— Aim of the exercise —
A full, word-for-word copy of the listing below is needed; leave the images out of it.

— Dataset —
★ ★ ★ ★ ★

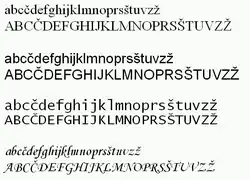 a, b, c, č, ć, d, đ, e, f, g, h, i, j, k, l, m, n, o, p, q, r, s, š, t, u, v, w, x, y, z, ž.
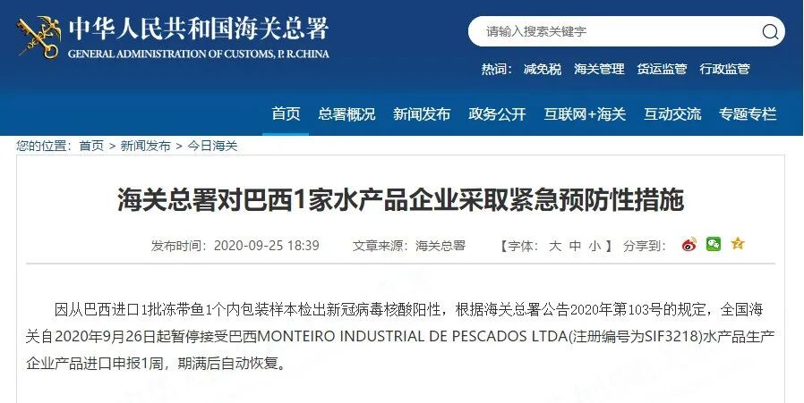 9月25日,据海关总署官网消息,海关总署对巴西1家水产品企业采取紧急预防性措施:
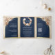 Invitación Tríptica Pampas Neutral Beige Earthy Floral Navy Wedding
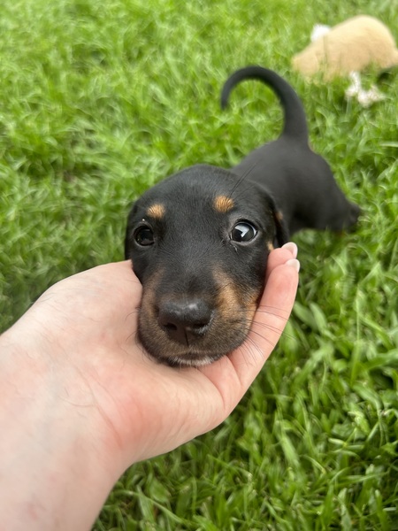I'm a black and tan pup with soft eyes and a calm, thoughtful nature. I like to take things in, watch what's going on, and then decide if I'm ready to join the fun - and when I do, I'm all in.
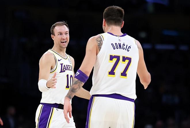 本场比赛中,湖人虽然遭遇了一场惨败,但是球队的替补后场新援卢克-肯纳德(Luke Kennard)的表现其实还是不错的。肯纳德全场出场21分43秒,投篮4中3,三分线外2中1,罚球2中2,得到了9分3篮板1抢断的数据,还有1次失误和2次犯规,正负值为-9。肯纳德在本场比赛中的状态其实相当不错,他的进攻效率相当出色,他也是抓住了有限的机会得到了不少分数,展现出了全面的得分能力。至于防守端,这本身也不是肯纳德的强项,但是他其实也没有出现什么太大的问题。只是问题就在于,在球队绝大多数球员进攻效率不佳的情况下,肯纳德都无法得到更多的球权支持,他的能力当然也没有办法充分发挥出来,他也没有办法在这种情况下为球队提供更多的支持。
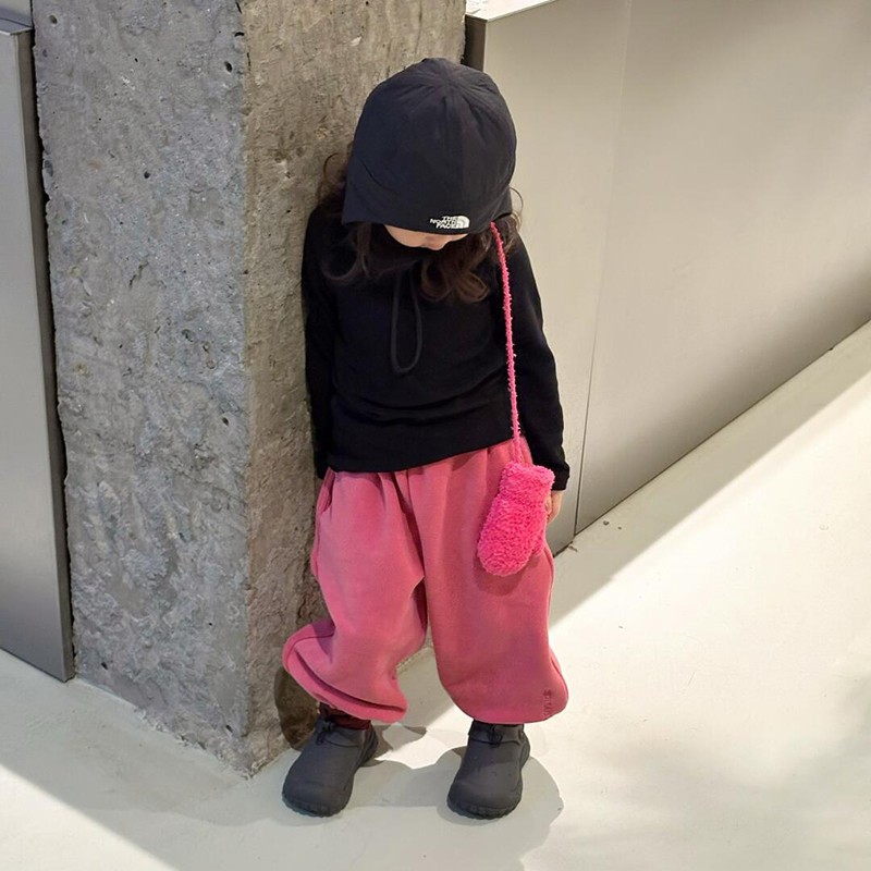 Girls' Autumn And Winter Rose Red Sweatpants

★ ★ ★ ★ ★

— Reply to the exercise —
 a, b, c, č, ć, d, đ, e, f, g, h, i, j, k, l, m, n, o, p, q, r, s, š, t, u, v, w, x, y, z, ž.
 9月25日,据海关总署官网消息,海关总署对巴西1家水产品企业采取紧急预防性措施:
 Invitación Tríptica Pampas Neutral Beige Earthy Floral Navy Wedding
I'm a black and tan pup with soft eyes and a calm, thoughtful nature. I like to take things in, watch what's going on, and then decide if I'm ready to join the fun - and when I do, I'm all in.
 本场比赛中,湖人虽然遭遇了一场惨败,但是球队的替补后场新援卢克-肯纳德(Luke Kennard)的表现其实还是不错的。肯纳德全场出场21分43秒,投篮4中3,三分线外2中1,罚球2中2,得到了9分3篮板1抢断的数据,还有1次失误和2次犯规,正负值为-9。肯纳德在本场比赛中的状态其实相当不错,他的进攻效率相当出色,他也是抓住了有限的机会得到了不少分数,展现出了全面的得分能力。至于防守端,这本身也不是肯纳德的强项,但是他其实也没有出现什么太大的问题。只是问题就在于,在球队绝大多数球员进攻效率不佳的情况下,肯纳德都无法得到更多的球权支持,他的能力当然也没有办法充分发挥出来,他也没有办法在这种情况下为球队提供更多的支持。
 Girls' Autumn And Winter Rose Red Sweatpants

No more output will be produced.